Он подошёл и ко мне. У него были ярко румяные щеки, изумлённые глазки и сложенные бантиком губы. Его толстое лицо было сплошь заткано сеткой красных жилок и, когда он остановился передо мной, то даже на расстоянии двух шагов мне ударил в нос крепкий запах винной бочки.

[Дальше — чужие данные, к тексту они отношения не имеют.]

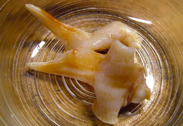 足の部分を主に食べる。足は黄色みがかるが薄く、白っぽく見える。

Мы столковались очень легко и через четверть часа сидели уже в соседнем погребке. Хозяин-грек поставил пред нами объёмистый графин белого вина, кусок сала, пяток яиц, и солдат принялся закусывать и выпивать. Ел он, звучно чавкая, медленно и со вкусом, и от него пахло застаревшей впитавшейся в тело грязью. Уставив на меня маленькие, похожие на пару оловянных пуговиц, глазки, он степенно и вразумительно говорил:

— Да, драгоценный вы мой, и скажу я вам так: жизнь моя, как есть, настоящий роман, и теперь я совершенно убитый человек. И убила меня война. Ушёл я туда сильным и молодым, а вернулся беспомощным калекой — ногу свело, в теле пять дырок от пуль, от всего отшибся и ничего не имею охоты начать. Но, всё-таки, не столь поразили меня вражеские пули, сколь собственная жена. Оттого и забросил себя, оттого и водочкой занялся, оттого и по ночам плачу. Но, однако, хочу вам всё подробно обсказать, а за угощение покорно благодарю. Я теперь по калечеству квасом торгую — куплю у знакомой бабы бочонок и продаю на базаре по мелочам, а что выручу, пропью. Но только на водку хватает. А вино это для меня, откровенно скажу, вроде как десерт. С большим удовольствием пью.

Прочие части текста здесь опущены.